Boredom, Binging, and Books

23 01 2010

So I know I’ve mentioned before that I was a closet candy addict. Well this is not an exaggeration. I show all the classic signs of addiction. I have stashes of candy or other sugary items hidden in the house (unless I’ve eaten all of them), I hide the evidence including any wrappers not even putting them in the garbage cans used by other so they might see them, and I go through withdrawals when I don’t indulge. Tonight was one of those nights, I wanted sugar and resisting seemed to just make me want it more. I obsessed constantly thinking about how I could just get into my car and go buy something. No one would have to know, my boyfriend was at work and I am skilled at hiding the evidence. I tried to distract myself from the cravings but the boredom of being home alone only made it worse.

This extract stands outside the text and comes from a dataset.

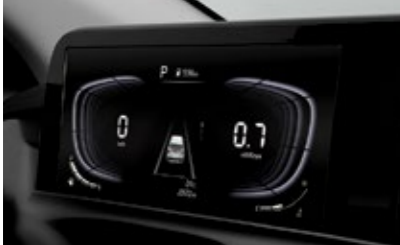
Supervision cluster (4.2-inch color TFT LCD)

Finally I broke. I got in my car planning on driving to Giant and buying something, probably a big bag of Peanut Butter M&Ms which I would eat the majority of it about an hour or so. Disgusting right? But as I was driving I suddenly came upon some little used willpower and a stroke of genius. Instead of driving to a grocery store I could do something productive with my time and avoid any temptation. I know it seems a little obvious but this idea had honestly never come to me before. And so I set out instead on an adventure to find a book to read. It seems like a simple task and it honestly was after my first little miscalculation. I had originally headed to the university library. However, it appears that college students don’t find the library an interesting place at 8 pm on a Saturday night and so it is closed. Shocking I know. I probably should have realized this simply based on the fact that I never once even tried to go to the library at night on a Saturday when I was in college.

I was not about to give up after I had come up with such a great way to keep myself away from sweets and so headed to Barnes and Noble. It was wonderful. The bookstore was exactly what I needed and even though I was tempted to indulge in a sweet at the Starbucks inside I resisted and am proud to say I have broken the binging cycle! At least for tonight! It may seem like a small feat to you but after struggling with sugar for years I feel like I’ve turned over a new leaf at last.